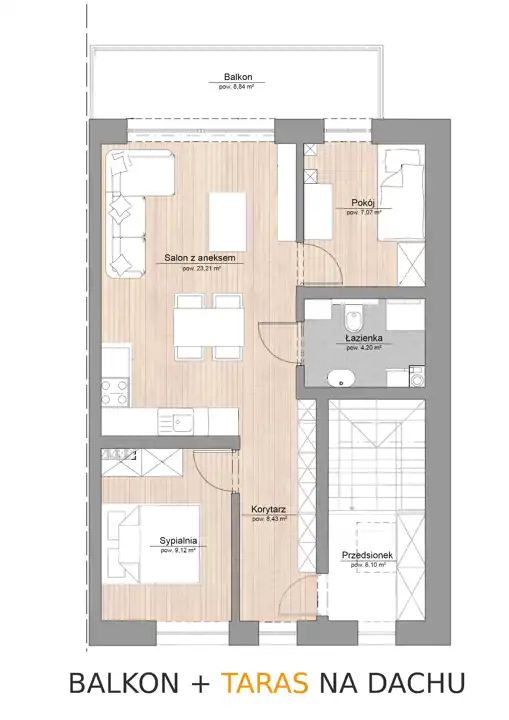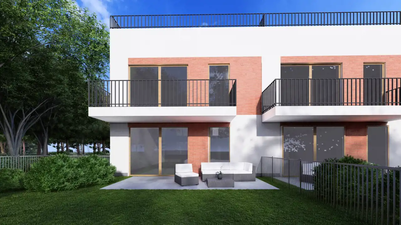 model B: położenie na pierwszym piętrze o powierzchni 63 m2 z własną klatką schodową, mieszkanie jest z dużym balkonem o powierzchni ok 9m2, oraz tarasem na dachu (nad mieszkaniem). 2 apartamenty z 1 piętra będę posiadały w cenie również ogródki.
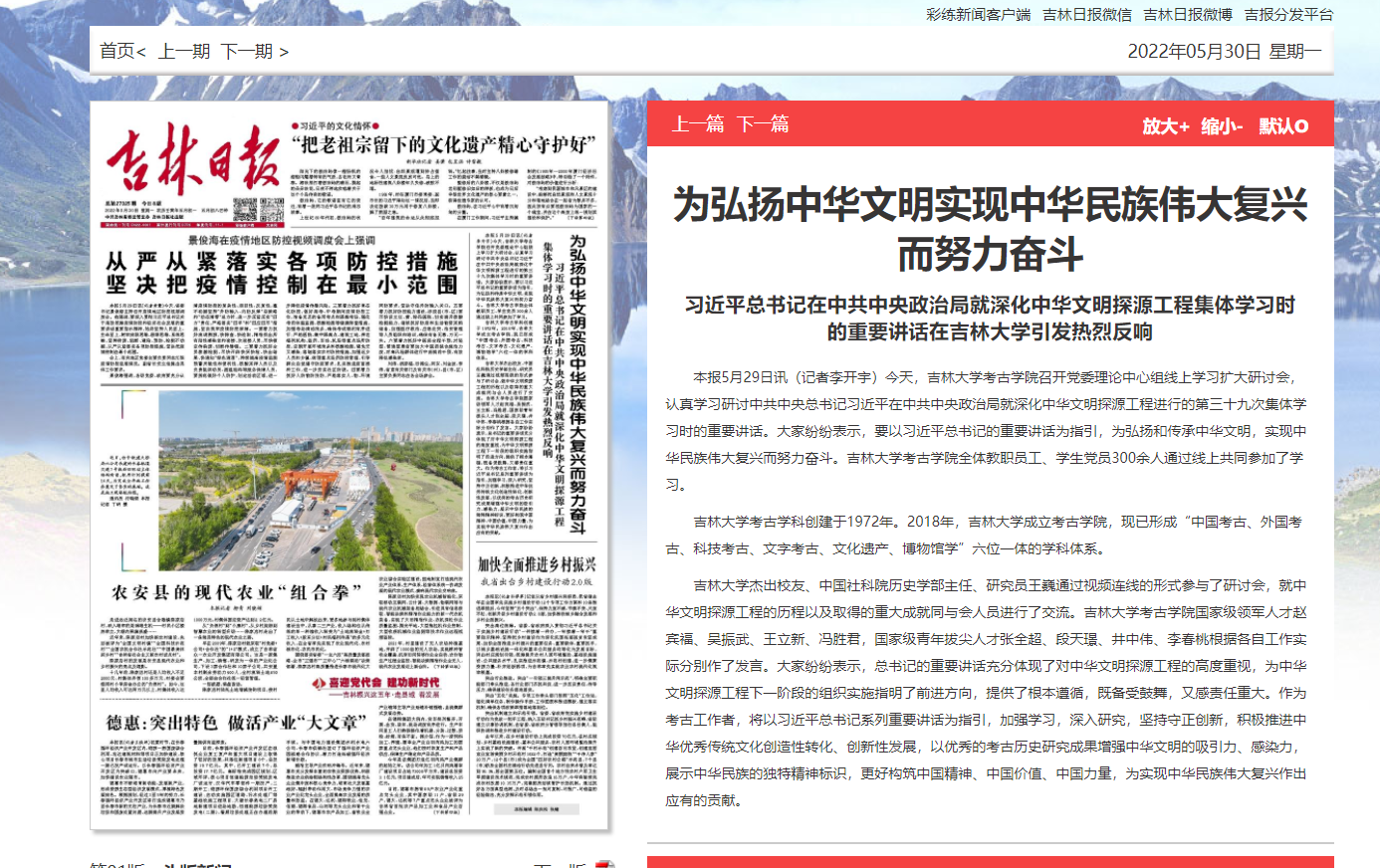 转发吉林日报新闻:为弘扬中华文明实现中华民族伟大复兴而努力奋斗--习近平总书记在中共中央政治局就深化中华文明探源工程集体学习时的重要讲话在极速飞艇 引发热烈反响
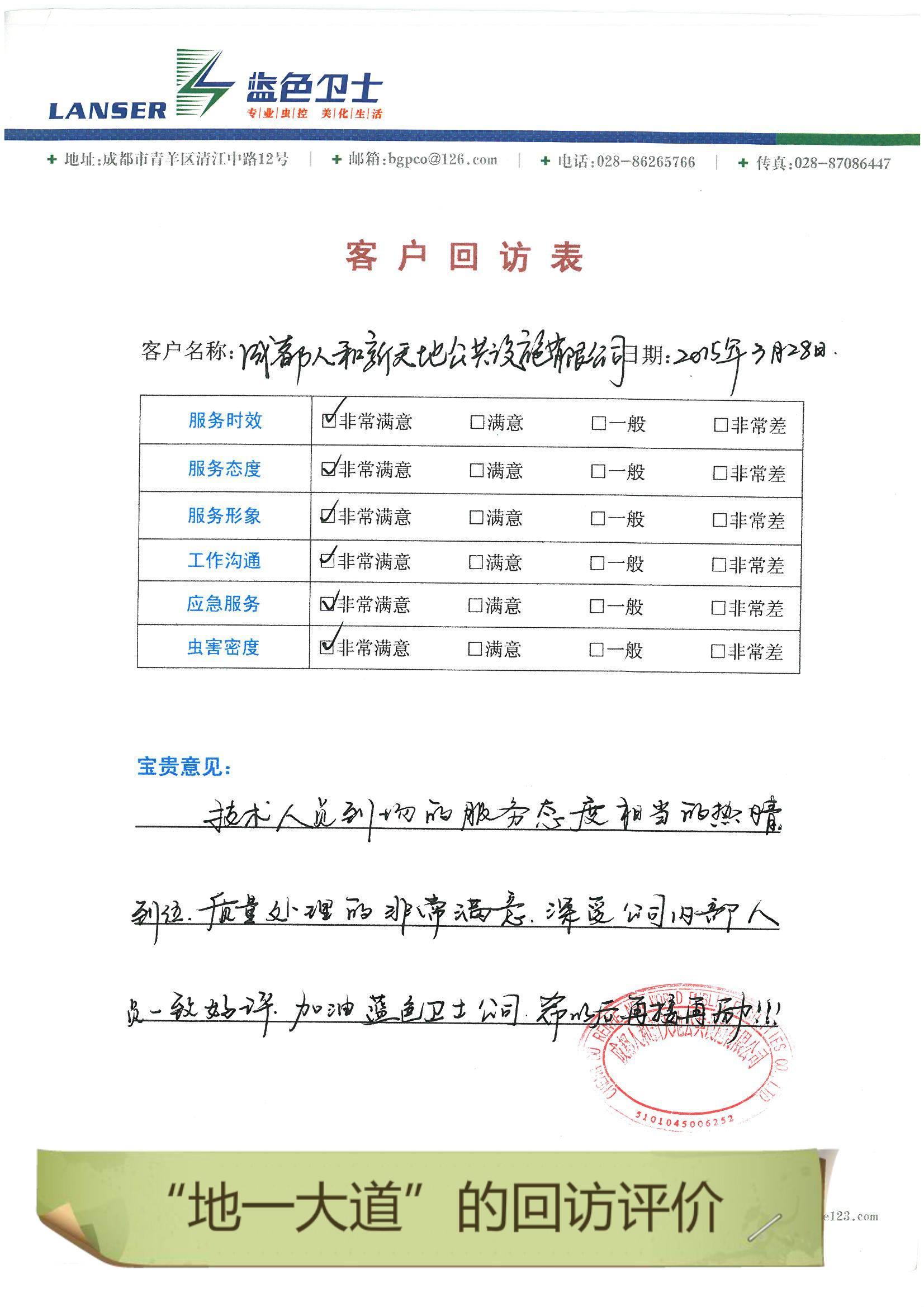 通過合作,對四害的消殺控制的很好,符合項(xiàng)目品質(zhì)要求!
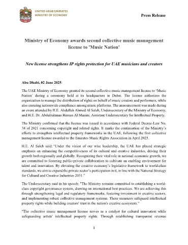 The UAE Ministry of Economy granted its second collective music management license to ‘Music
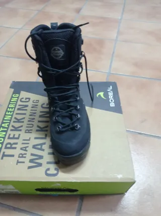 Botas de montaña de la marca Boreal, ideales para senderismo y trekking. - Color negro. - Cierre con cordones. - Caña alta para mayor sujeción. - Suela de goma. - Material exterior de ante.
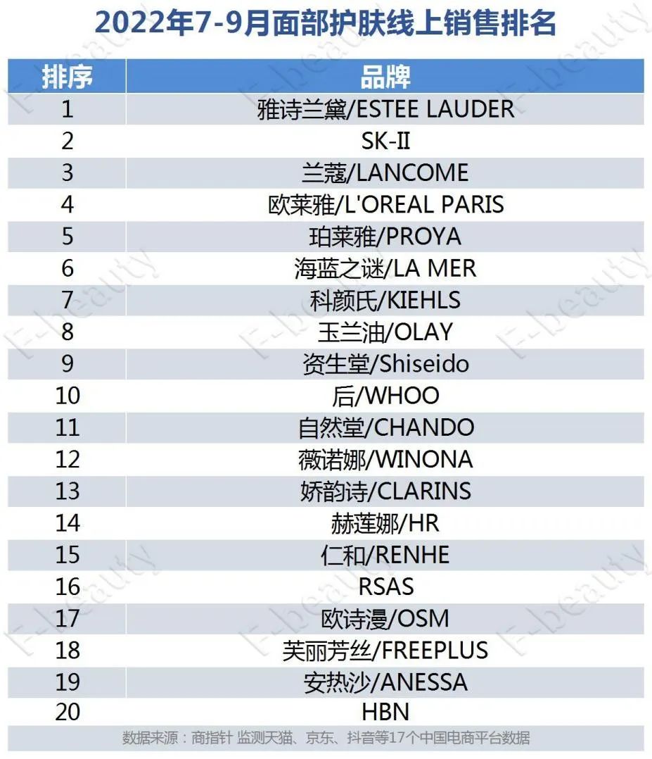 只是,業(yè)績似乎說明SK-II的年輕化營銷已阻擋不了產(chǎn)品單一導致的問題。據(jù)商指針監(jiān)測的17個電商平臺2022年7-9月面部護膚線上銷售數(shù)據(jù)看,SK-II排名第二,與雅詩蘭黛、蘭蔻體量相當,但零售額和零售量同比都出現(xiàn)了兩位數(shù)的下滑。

****************************************

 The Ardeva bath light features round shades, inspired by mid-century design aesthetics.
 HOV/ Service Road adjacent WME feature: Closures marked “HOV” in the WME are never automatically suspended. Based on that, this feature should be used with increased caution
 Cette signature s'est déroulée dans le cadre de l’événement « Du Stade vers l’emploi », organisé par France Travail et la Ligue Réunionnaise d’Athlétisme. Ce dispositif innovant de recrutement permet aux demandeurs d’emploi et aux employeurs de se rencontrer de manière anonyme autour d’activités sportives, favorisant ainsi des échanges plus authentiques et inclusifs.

****************************************

### Your task
Reproduce the listing above only between the lines holding "model B: położenie" and "通過合作,對四害的消殺控制的很好,符合項(xiàng)目品質(zhì)要求!", inclusive. Every line must match exactly, and pictures are dropped.

### Exercise output
 model B: położenie na pierwszym piętrze o powierzchni 63 m2 z własną klatką schodową, mieszkanie jest z dużym balkonem o powierzchni ok 9m2, oraz tarasem na dachu (nad mieszkaniem). 2 apartamenty z 1 piętra będę posiadały w cenie również ogródki.
 转发吉林日报新闻:为弘扬中华文明实现中华民族伟大复兴而努力奋斗--习近平总书记在中共中央政治局就深化中华文明探源工程集体学习时的重要讲话在极速飞艇 引发热烈反响
 通過合作,對四害的消殺控制的很好,符合項(xiàng)目品質(zhì)要求!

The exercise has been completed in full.